Tim SAR gabungan yang dipimpin oleh Basarnas terus memperluas area pencarian, melibatkan 15 kapal penyelamat yang dikerahkan hingga Kamis (3/7/2025).
Menurut Kepala Kantor Pencarian dan Pertolongan Surabaya, Nanang Sigit, penyisiran awal dilakukan pada radius 6 nautical mile dari titik tenggelam. Namun setelah ditemukannya beberapa korban di luar area tersebut, cakupan pencarian diperluas.
“Kapal tenggelam dalam kondisi penuh. Ada kemungkinan korban masih terjebak di dalam kapal,” jelas Nanang.
Tim SAR kini fokus pada evakuasi di permukaan air, sementara upaya penyelaman disiapkan untuk memeriksa lambung kapal yang membawa 53 penumpang, 12 ABK, dan 22 kendaraan berbagai jenis.
Basarnas juga meminta dukungan dari nelayan lokal dan kapal penyeberangan rute Ketapang–Gilimanuk untuk turut serta mengamati keberadaan korban di sekitar lokasi kejadian.
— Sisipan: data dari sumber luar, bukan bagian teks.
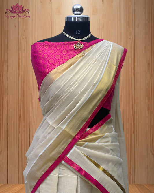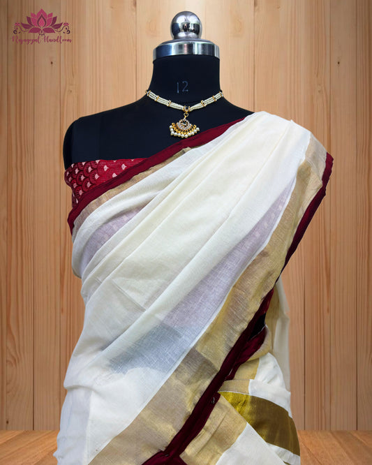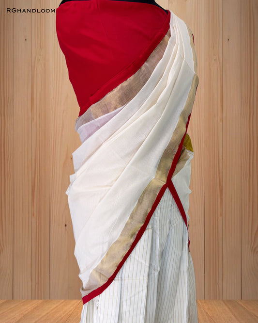 Kerala traditional dhavani set, adorned with a radiant red and golden border.

“Lalu lintas Selat Bali sangat padat. Kami minta semua yang melintas untuk melaporkan jika melihat tanda-tanda korban,” tegasnya.
Data sementara mencatat 23 korban berhasil diselamatkan dan 4 orang ditemukan meninggal dunia. Proses evakuasi akan terus dilakukan hingga seluruh penumpang ditemukan.
Cuaca Buruk Diduga Jadi Pemicu
Brigjen Trunoyudo Wisnu Andiko, Karo Penmas Divisi Humas Polri, menyebut bahwa faktor cuaca buruk menjadi penyebab utama tenggelamnya kapal tersebut. Saat kejadian, gelombang laut mencapai 2,5 meter dan kecepatan arus laut dua meter per detik, disertai angin hingga 9 knot.